Comment # 6
on bug 1158
from Ken McDonell
Just noticed that PDU trace output is suppressed in __pmDumpResult (happened
about 2 years ago, have not had to look there lately!).
So there are a bucketload of PDU exchanges ...
73748 [10995]pmXmitPDU: FETCH fd=8 len=168
...
74986 9840: 8588cc18
<IN HERE>
74987 pmResult dump from 0x7f5b9c393860 timestamp: 1469563519.653328
20:05:19.653 numpmid: 35
and if these timed out or other badness happened we'd be none the wiser other
than the <noname> metrics names and ??? instance names in the pmDumpResult
output that follows.
This means the PDU exchanges after the pmDumpResult output make no sense at
all!
773084 inst [1 or ???] value 3873205428 -5.2046292e+23 0xe6dc6cb4
<HERE>
773085 [10995]pmXmitPDU: DESC_REQ fd=8 len=16
773086 000: 10 7004 0 1600000f
773087 [10995]pmGetPDU: DESC fd=8 len=32 from=0
773088 000: 20 7005 0 4900000f 1000000 100000f 1000000
200001
Request PMID 1600000f annswer comes back for PMID 4900000f
773089 [10995]pmXmitPDU: PMNS_IDS fd=8 len=24
773090 000: 18 700d 0 0 1000000 1600000f
773091 [10995]pmGetPDU: DESC fd=8 len=32 from=0
773092 000: 20 7005 0 1600000f 3000000 ffffffff 1000000
200001
Protocol botch ... this looks like the answer for the DESC_REQ above.
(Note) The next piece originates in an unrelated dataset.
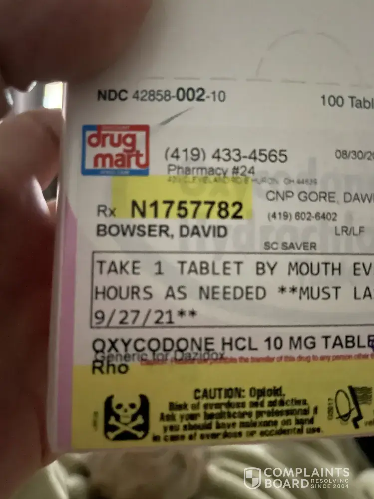 Discount Drug Mart in Brunswick Hills Ohio. My Dr called in an Rx for gabapentin on Monday 8/21-28 days from last refill which I have done many times in the past and my Dr is fully aware of this. This allows for a few extra when I have flare ups of ankylosing spondylitis-a very painful joint condition and spinal stenosis. I weaned myself off oxycodone...

773093 [10995]pmXmitPDU: DESC_REQ fd=8 len=16
773094 000: 10 7004 0 1400000f
773095 [10995]pmGetPDU: PMNS_NAMES fd=8 len=48 from=0
773096 000: 30 700e 0 13000000 0 1000000 12000000
6e72656b
773097 008: 612e6c65 632e6c6c 732e7570 7e7e7379
773098 [10995]pmXmitPDU: DESC_REQ fd=8 len=16
773099 000: 10 7004 0 2000000f
773100 [10995]pmGetPDU: DESC fd=8 len=32 from=0
773101 000: 20 7005 0 1400000f 3000000 ffffffff 1000000
200001
And more of the same.
I suspect a PDU has been sent from pmcd after pmweblog detected a timeout and
marked a context as expired or bad ... and thereafter the synchronous
pmcd-client protocol is all out of whack.